# Activity:
From the first line of the records below, transcribe each line exactly up to and including the one with "ожидания изменения цены"; pictures stay out.

Records excerpted from a collection
%%

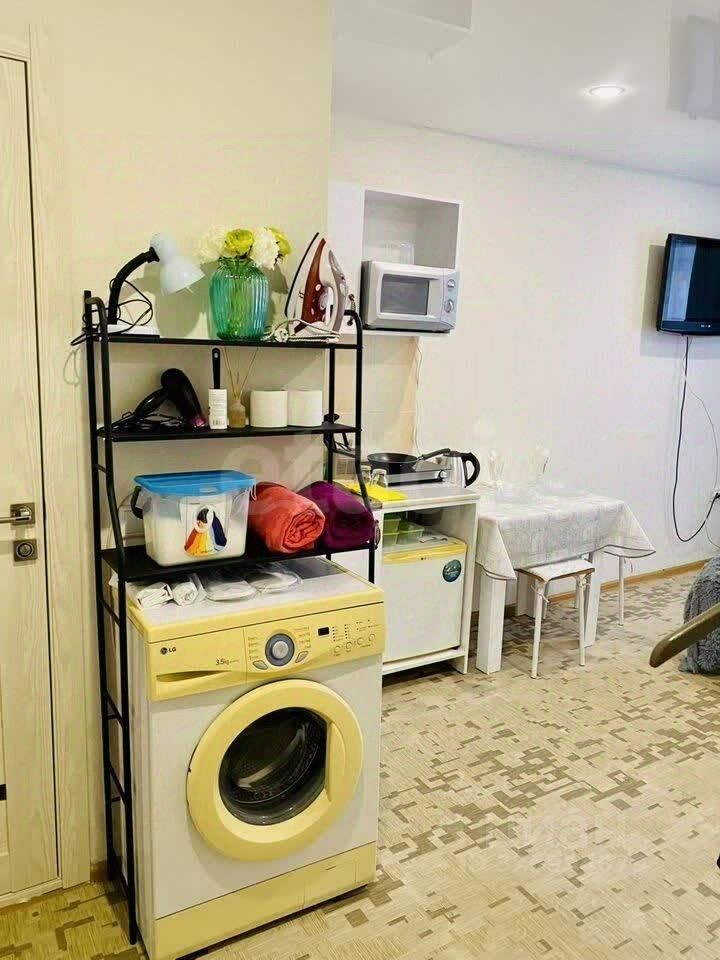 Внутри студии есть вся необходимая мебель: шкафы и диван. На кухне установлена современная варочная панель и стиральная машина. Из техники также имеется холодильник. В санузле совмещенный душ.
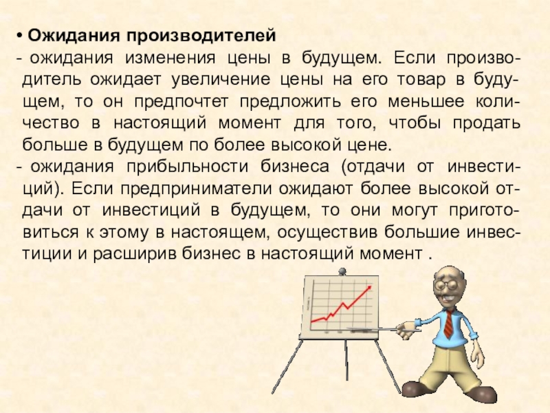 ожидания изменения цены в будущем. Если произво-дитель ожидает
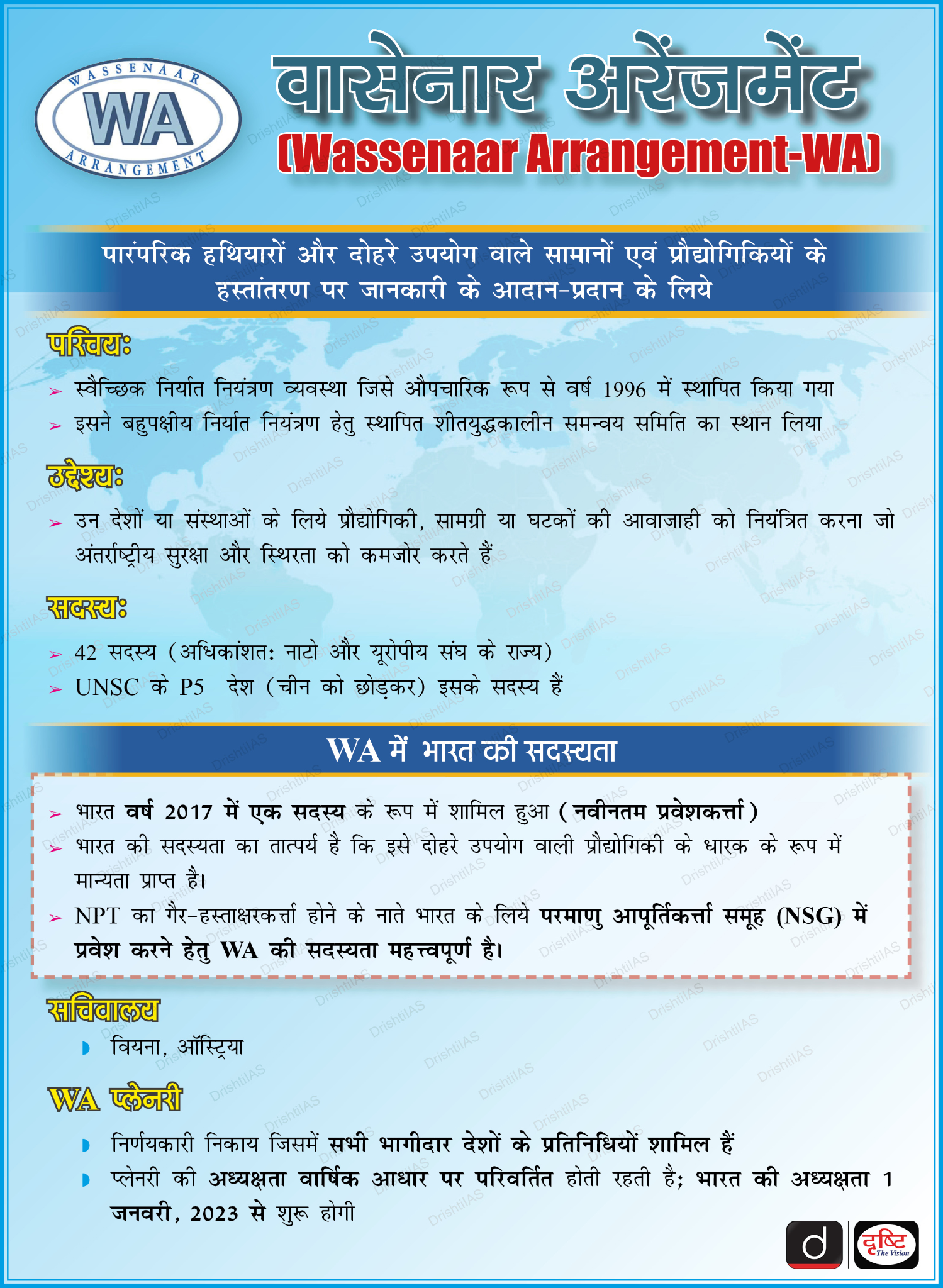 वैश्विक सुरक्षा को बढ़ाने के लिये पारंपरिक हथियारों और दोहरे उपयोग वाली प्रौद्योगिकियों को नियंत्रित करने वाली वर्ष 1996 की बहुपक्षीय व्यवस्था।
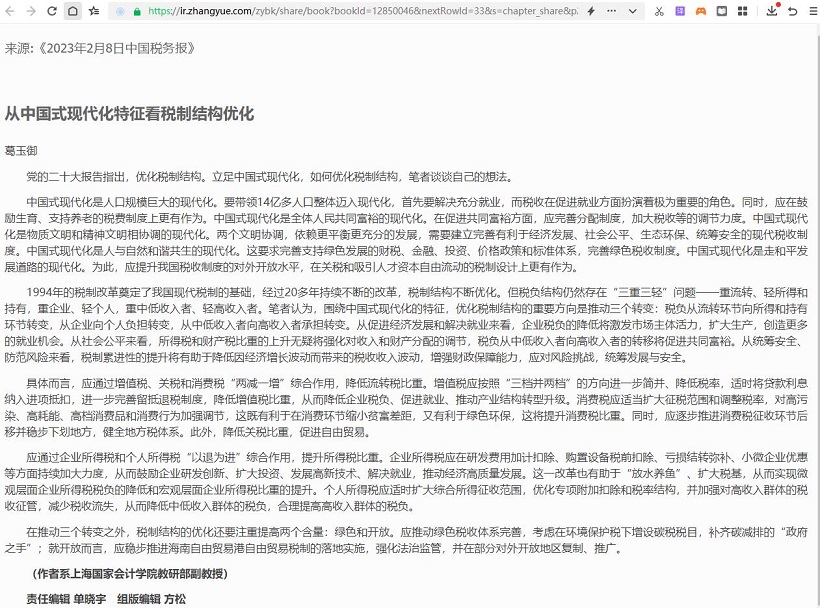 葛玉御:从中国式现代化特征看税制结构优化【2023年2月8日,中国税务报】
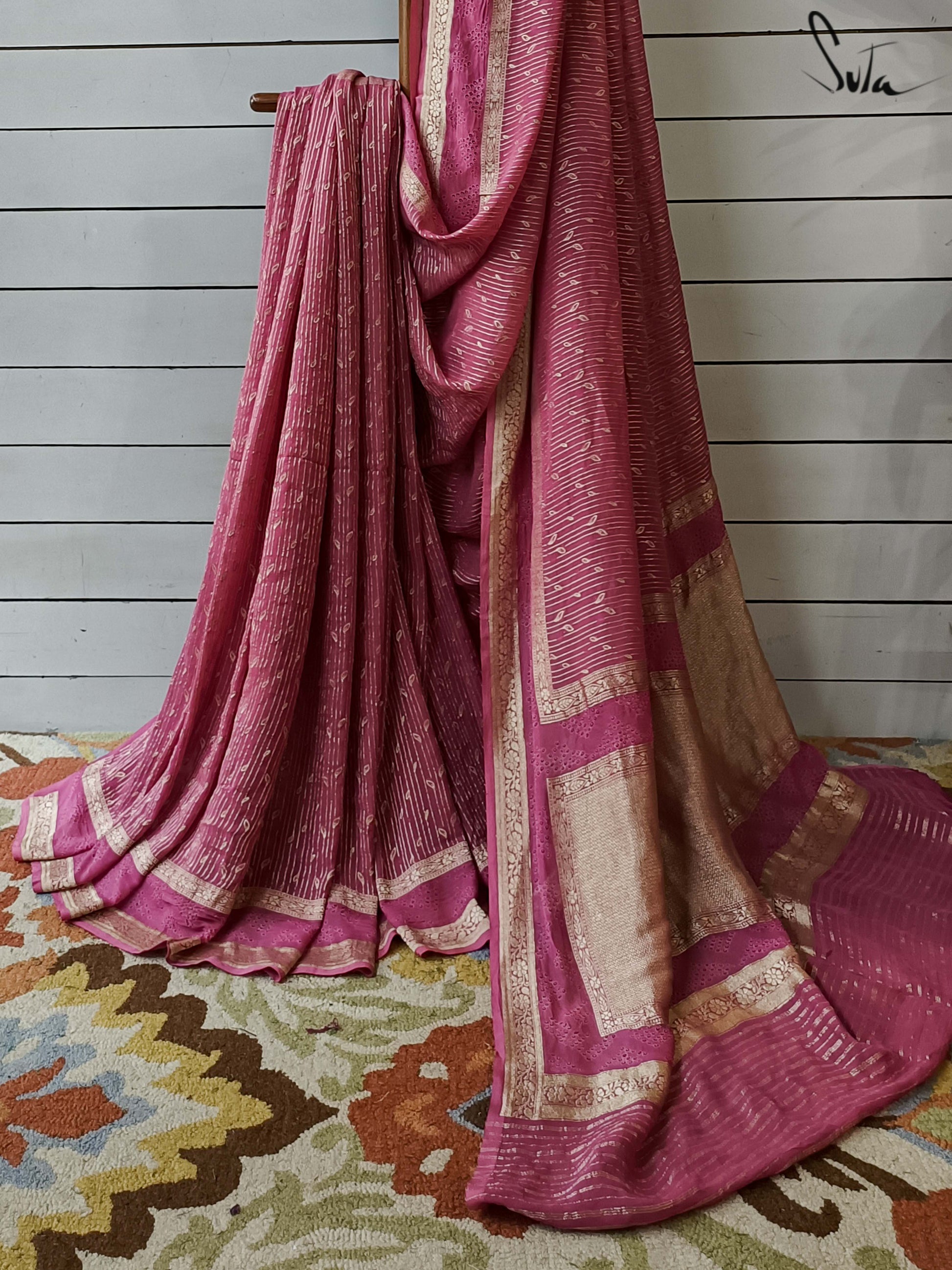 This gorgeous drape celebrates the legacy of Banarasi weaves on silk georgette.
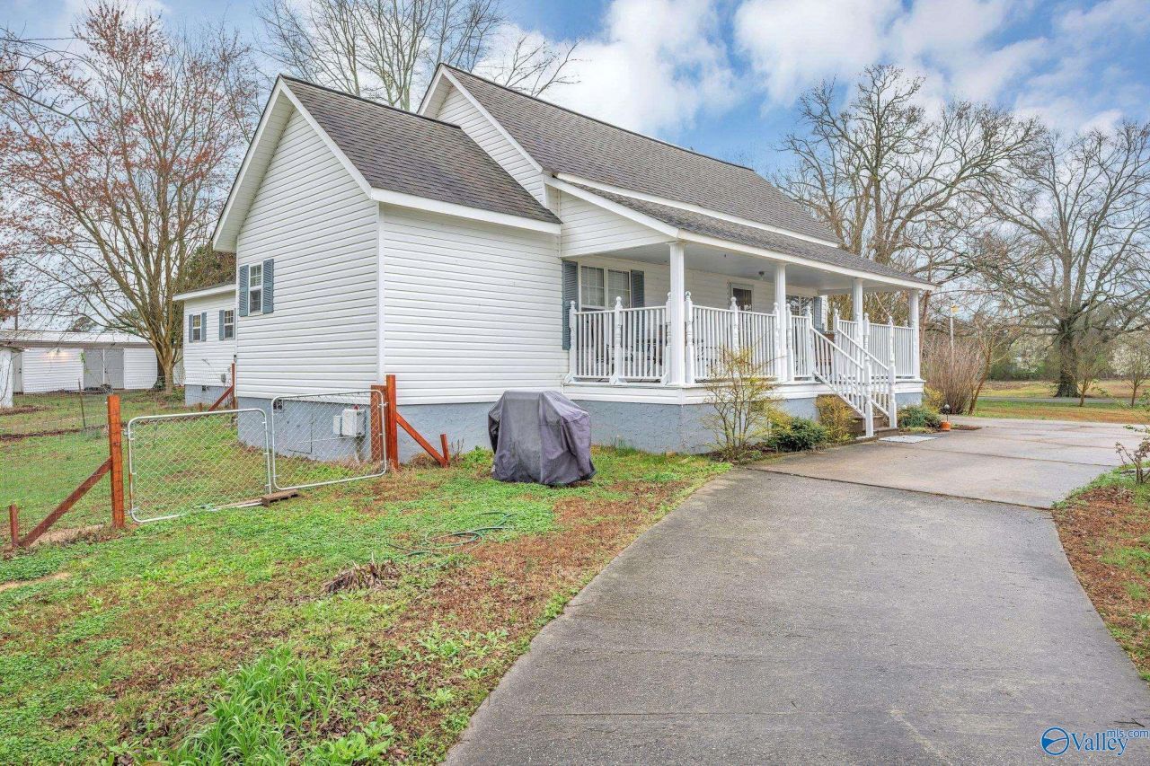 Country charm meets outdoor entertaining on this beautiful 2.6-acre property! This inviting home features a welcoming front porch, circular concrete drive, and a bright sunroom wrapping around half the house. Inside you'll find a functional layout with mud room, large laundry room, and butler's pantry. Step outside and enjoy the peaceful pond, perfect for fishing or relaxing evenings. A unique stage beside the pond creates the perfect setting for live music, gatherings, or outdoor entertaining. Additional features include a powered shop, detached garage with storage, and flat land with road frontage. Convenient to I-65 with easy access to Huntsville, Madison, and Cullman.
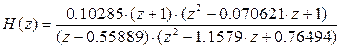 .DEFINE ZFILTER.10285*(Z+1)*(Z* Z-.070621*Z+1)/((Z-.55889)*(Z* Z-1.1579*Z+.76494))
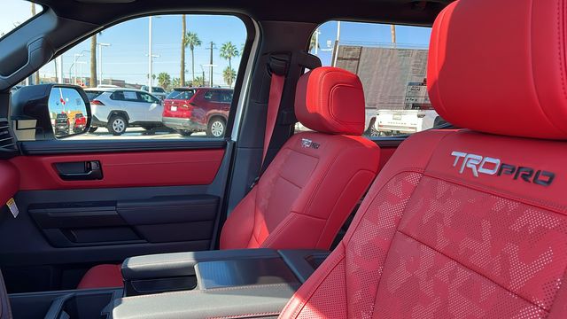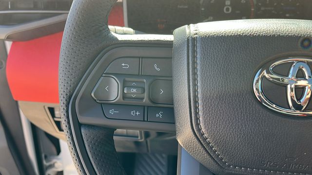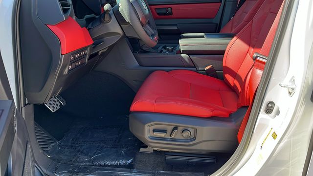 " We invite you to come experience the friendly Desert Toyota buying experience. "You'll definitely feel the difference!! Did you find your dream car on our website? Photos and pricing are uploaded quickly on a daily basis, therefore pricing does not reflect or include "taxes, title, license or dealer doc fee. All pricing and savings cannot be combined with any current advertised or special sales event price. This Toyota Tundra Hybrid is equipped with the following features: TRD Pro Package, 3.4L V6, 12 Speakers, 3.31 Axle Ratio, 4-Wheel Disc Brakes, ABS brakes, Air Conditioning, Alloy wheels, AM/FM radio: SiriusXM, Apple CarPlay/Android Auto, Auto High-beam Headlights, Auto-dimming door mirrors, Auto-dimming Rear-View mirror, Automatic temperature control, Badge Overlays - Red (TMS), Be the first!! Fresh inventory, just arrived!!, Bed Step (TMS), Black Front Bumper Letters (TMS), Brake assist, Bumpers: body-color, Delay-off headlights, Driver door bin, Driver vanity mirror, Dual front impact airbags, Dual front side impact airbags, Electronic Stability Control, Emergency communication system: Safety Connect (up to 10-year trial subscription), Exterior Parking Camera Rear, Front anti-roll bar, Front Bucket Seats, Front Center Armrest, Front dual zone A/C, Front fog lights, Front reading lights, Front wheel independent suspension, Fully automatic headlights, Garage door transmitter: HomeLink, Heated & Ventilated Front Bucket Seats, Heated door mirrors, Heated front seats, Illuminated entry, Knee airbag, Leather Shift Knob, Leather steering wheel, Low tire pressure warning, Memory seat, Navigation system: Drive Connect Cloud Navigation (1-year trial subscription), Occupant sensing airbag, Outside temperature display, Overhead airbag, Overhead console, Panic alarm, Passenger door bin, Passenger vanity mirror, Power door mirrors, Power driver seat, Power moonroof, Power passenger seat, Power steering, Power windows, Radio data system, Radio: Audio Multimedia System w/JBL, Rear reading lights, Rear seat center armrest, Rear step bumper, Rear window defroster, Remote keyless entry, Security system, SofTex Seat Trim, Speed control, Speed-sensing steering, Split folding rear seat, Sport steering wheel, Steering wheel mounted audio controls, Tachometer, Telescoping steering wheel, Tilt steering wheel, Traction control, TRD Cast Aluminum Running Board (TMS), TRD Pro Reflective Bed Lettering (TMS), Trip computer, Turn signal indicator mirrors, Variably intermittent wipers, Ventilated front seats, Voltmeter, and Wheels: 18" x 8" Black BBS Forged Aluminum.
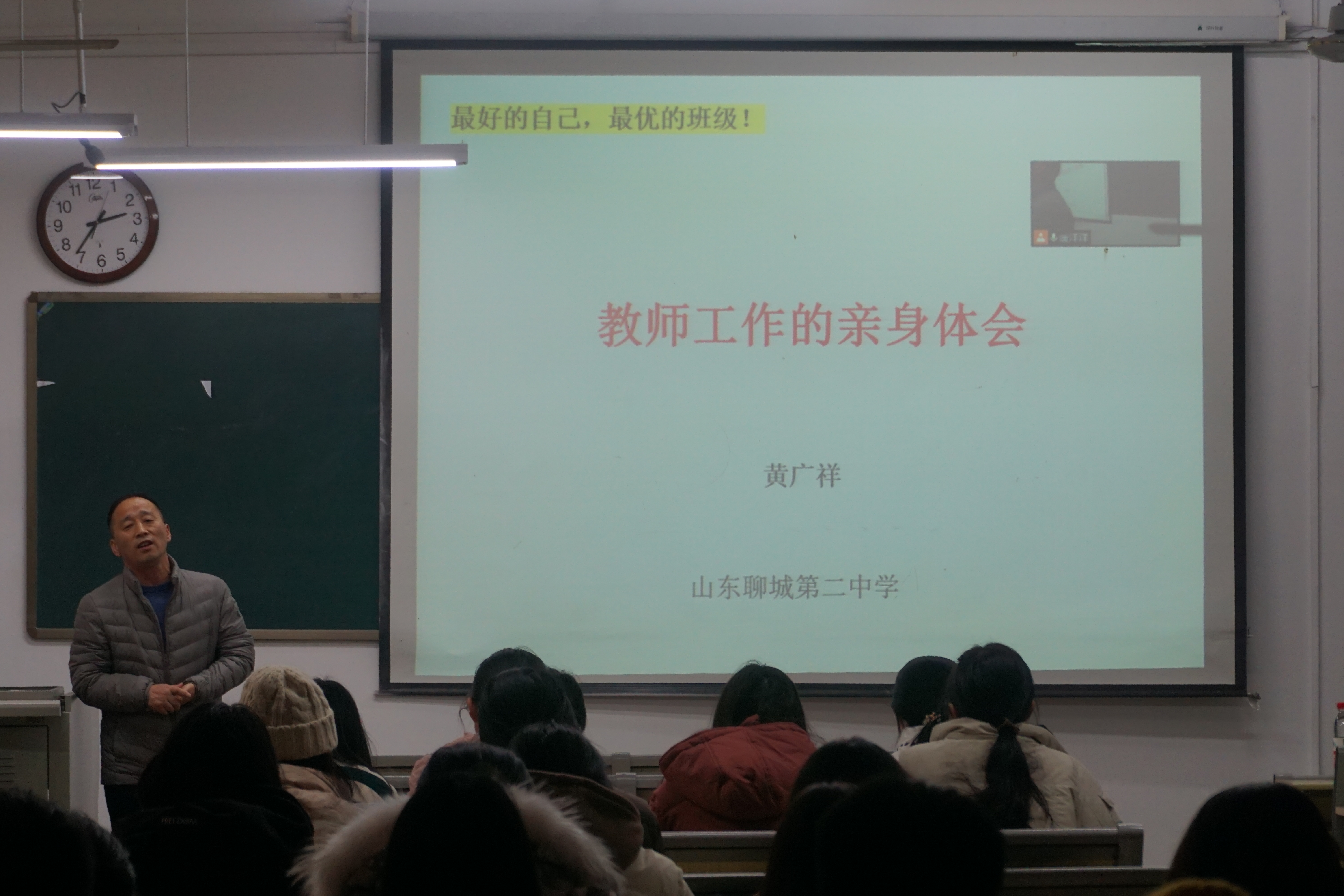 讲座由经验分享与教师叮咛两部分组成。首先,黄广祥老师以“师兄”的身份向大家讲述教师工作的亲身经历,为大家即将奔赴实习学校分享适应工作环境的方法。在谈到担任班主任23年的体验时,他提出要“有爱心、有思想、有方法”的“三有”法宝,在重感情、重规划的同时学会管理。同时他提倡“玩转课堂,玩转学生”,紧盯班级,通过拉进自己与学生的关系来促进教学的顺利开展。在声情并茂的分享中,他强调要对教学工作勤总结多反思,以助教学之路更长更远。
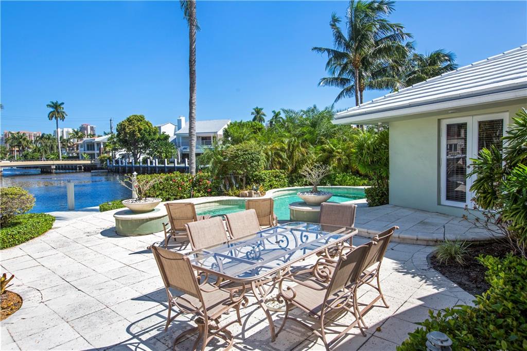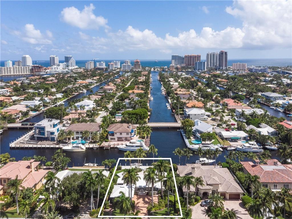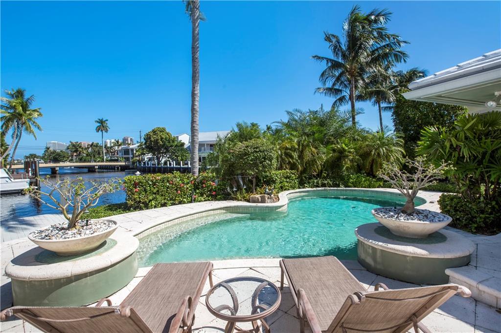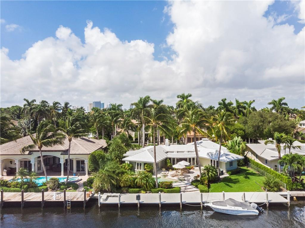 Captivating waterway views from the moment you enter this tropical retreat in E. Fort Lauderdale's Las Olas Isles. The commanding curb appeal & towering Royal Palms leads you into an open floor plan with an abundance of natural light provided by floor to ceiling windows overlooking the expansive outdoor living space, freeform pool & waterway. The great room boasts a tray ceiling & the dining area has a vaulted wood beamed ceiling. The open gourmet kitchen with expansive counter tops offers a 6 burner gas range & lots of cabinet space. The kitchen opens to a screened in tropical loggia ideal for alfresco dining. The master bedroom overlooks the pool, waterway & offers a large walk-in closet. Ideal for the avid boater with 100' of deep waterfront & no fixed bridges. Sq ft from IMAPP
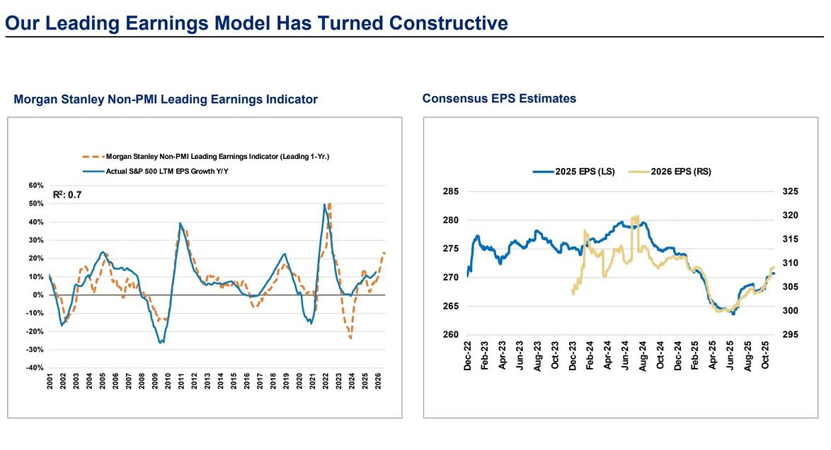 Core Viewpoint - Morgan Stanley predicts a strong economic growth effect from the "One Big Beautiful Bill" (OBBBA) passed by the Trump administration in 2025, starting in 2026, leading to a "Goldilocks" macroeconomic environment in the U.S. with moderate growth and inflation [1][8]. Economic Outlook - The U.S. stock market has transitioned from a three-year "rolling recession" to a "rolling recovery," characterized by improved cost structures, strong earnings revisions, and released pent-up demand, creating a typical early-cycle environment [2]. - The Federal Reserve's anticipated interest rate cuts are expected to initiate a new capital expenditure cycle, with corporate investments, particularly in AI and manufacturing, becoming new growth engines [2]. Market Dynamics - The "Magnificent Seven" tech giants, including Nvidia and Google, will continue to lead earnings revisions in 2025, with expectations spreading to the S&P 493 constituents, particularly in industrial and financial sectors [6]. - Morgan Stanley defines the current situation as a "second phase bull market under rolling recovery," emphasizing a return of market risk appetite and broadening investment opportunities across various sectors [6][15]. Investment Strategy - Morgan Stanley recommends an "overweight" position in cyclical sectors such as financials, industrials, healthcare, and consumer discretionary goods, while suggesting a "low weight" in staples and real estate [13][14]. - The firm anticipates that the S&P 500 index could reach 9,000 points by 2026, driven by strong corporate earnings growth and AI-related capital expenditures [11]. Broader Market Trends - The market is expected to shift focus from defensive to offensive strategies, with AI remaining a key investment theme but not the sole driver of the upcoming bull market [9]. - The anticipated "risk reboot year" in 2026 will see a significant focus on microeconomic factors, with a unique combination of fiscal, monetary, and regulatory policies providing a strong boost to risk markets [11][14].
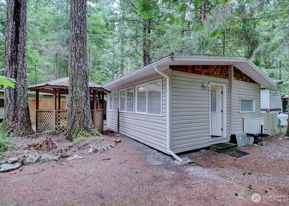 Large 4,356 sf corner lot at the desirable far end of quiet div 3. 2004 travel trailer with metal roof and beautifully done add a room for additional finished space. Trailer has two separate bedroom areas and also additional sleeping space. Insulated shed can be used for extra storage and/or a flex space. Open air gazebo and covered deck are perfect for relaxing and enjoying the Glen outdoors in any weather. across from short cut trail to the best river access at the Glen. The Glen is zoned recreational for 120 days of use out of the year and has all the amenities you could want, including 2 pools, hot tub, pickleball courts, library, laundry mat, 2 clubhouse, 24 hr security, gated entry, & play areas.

%%

# Expected answer:
 Внутри студии есть вся необходимая мебель: шкафы и диван. На кухне установлена современная варочная панель и стиральная машина. Из техники также имеется холодильник. В санузле совмещенный душ.
 ожидания изменения цены в будущем. Если произво-дитель ожидает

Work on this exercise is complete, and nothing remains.